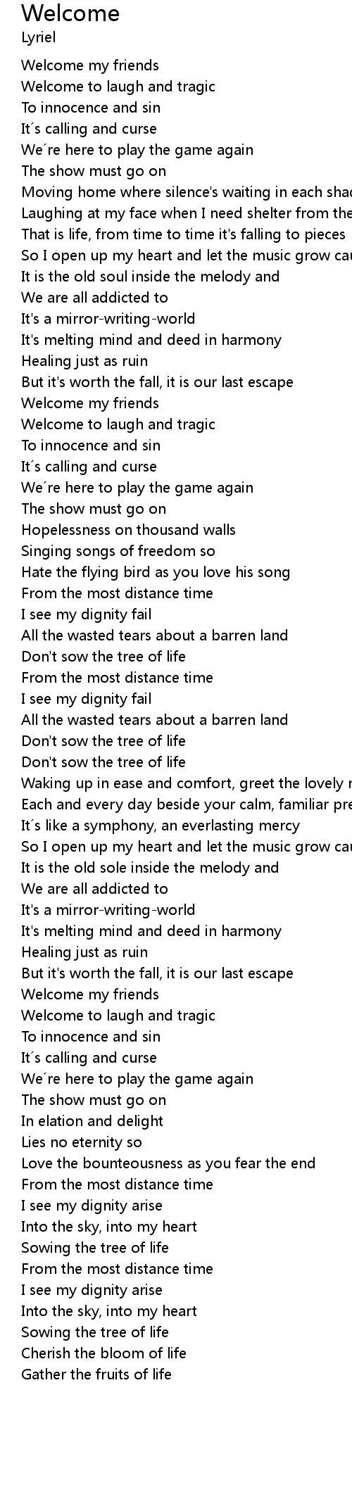 | Song | Welcome |
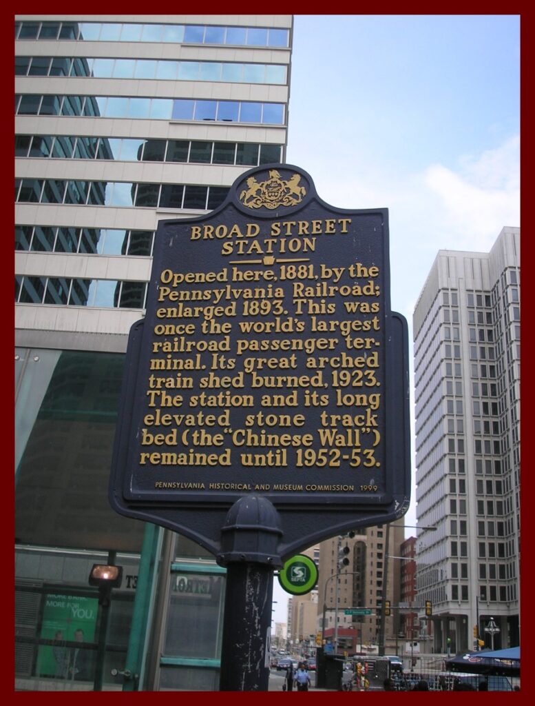 A photograph taken in 2011 of the historical marker at the location of the Pennsylvania Railroad’s Broad Street Station in Philadelphia. This was the railroad’s main station in Philadelphia and the terminal for passengers who traveled from the Lykens Valley area to the business center of the state’s largest city.
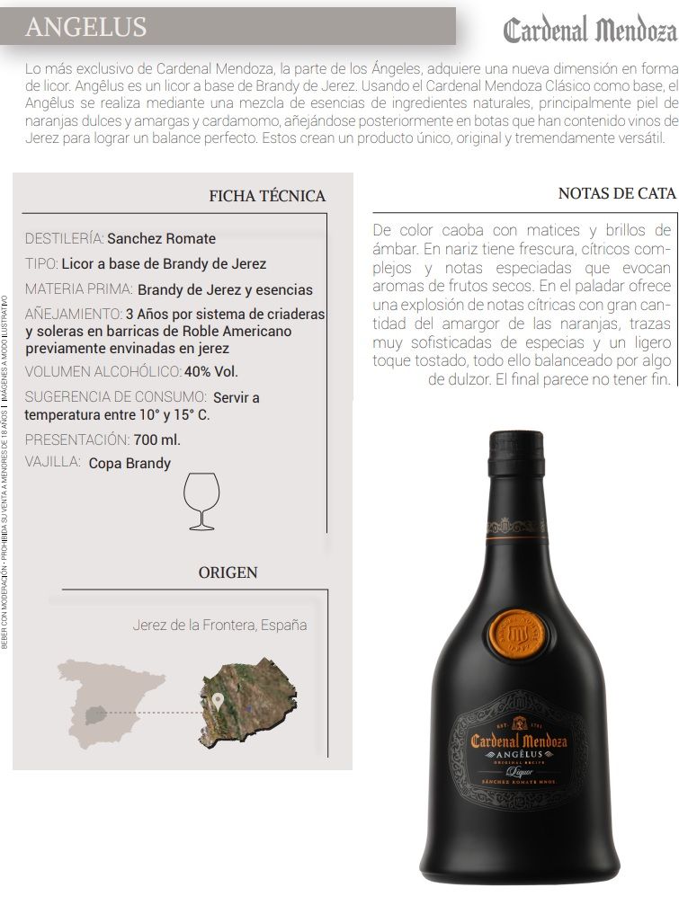 Especificaciones para Licor de Brandy Cardenal Mendoza Angelus 40º 1x700cc
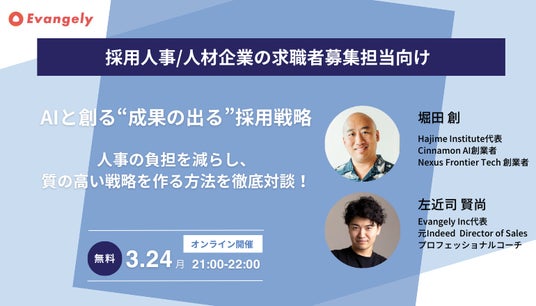 Evangely株式会社(所在地:東京都渋谷区、代表取締役:左近司賢尚 以下、Evangley)は、AIの専門家 堀田 創 氏とともに、採用市場におけるAIの活用に関する最新のトレンドや実践的な採用戦略設計について議論するウェビナー(参加無料)を開催いたします。
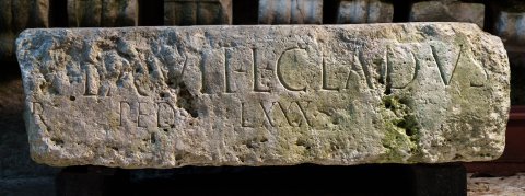 - [---]s [F]lavii l(ibertus) Cladus [---]? / [in f]r(onte) ped(es) LXXXX

» **WORK REQUIRED**: The records above need to be reproduced exactly, with all images omitted.

» **RESULT OF THIS TASK**:
 | Song | Welcome |
 A photograph taken in 2011 of the historical marker at the location of the Pennsylvania Railroad’s Broad Street Station in Philadelphia. This was the railroad’s main station in Philadelphia and the terminal for passengers who traveled from the Lykens Valley area to the business center of the state’s largest city.
 Especificaciones para Licor de Brandy Cardenal Mendoza Angelus 40º 1x700cc
 Evangely株式会社(所在地:東京都渋谷区、代表取締役:左近司賢尚 以下、Evangley)は、AIの専門家 堀田 創 氏とともに、採用市場におけるAIの活用に関する最新のトレンドや実践的な採用戦略設計について議論するウェビナー(参加無料)を開催いたします。
 - [---]s [F]lavii l(ibertus) Cladus [---]? / [in f]r(onte) ped(es) LXXXX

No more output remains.